= Data =
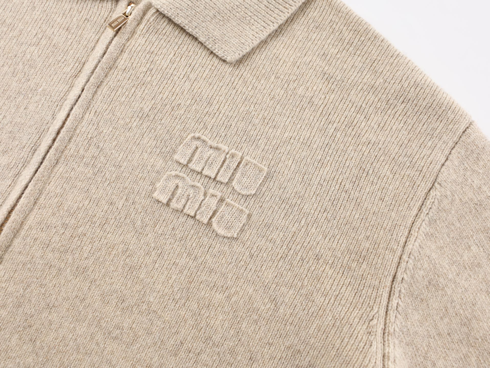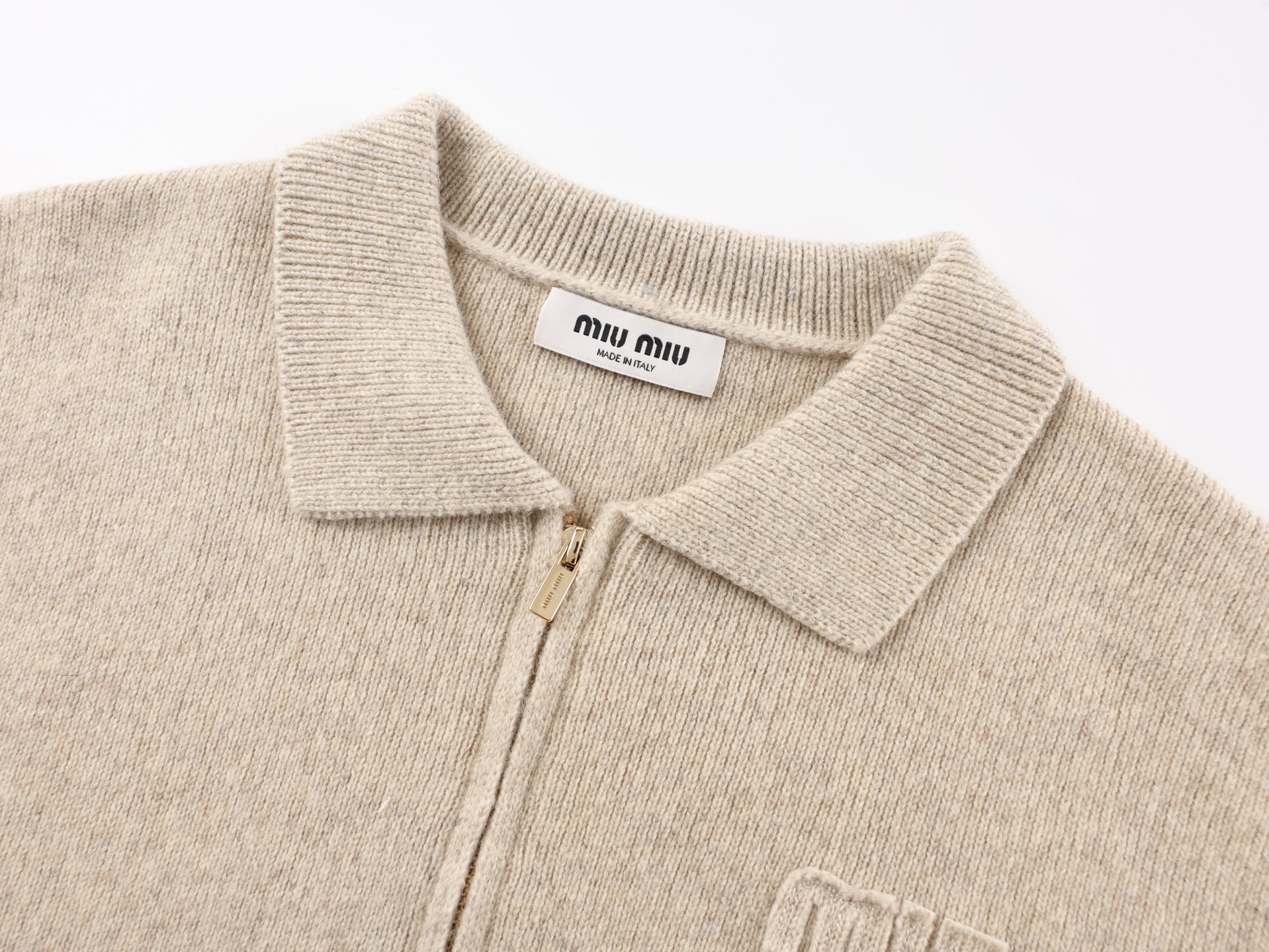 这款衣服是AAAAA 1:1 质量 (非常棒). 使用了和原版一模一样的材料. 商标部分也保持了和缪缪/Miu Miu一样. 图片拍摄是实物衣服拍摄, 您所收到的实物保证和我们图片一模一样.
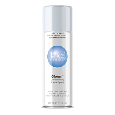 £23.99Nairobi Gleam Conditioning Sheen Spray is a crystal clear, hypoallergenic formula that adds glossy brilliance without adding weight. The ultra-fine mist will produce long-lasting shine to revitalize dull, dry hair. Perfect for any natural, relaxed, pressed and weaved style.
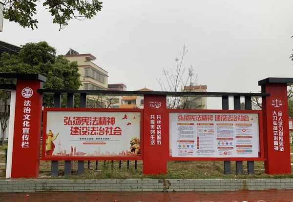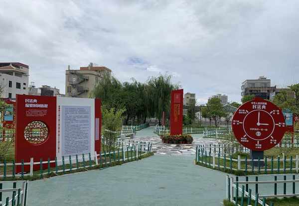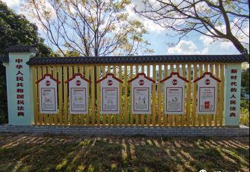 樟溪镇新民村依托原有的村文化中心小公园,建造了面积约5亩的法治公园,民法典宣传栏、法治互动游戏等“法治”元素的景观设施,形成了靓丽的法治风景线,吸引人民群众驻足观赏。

= What this task involves =
Please repeat everything in the data above except the pictures, exactly as it reads.

= Expected answer =
 这款衣服是AAAAA 1:1 质量 (非常棒). 使用了和原版一模一样的材料. 商标部分也保持了和缪缪/Miu Miu一样. 图片拍摄是实物衣服拍摄, 您所收到的实物保证和我们图片一模一样.
 £23.99Nairobi Gleam Conditioning Sheen Spray is a crystal clear, hypoallergenic formula that adds glossy brilliance without adding weight. The ultra-fine mist will produce long-lasting shine to revitalize dull, dry hair. Perfect for any natural, relaxed, pressed and weaved style.
 樟溪镇新民村依托原有的村文化中心小公园,建造了面积约5亩的法治公园,民法典宣传栏、法治互动游戏等“法治”元素的景观设施,形成了靓丽的法治风景线,吸引人民群众驻足观赏。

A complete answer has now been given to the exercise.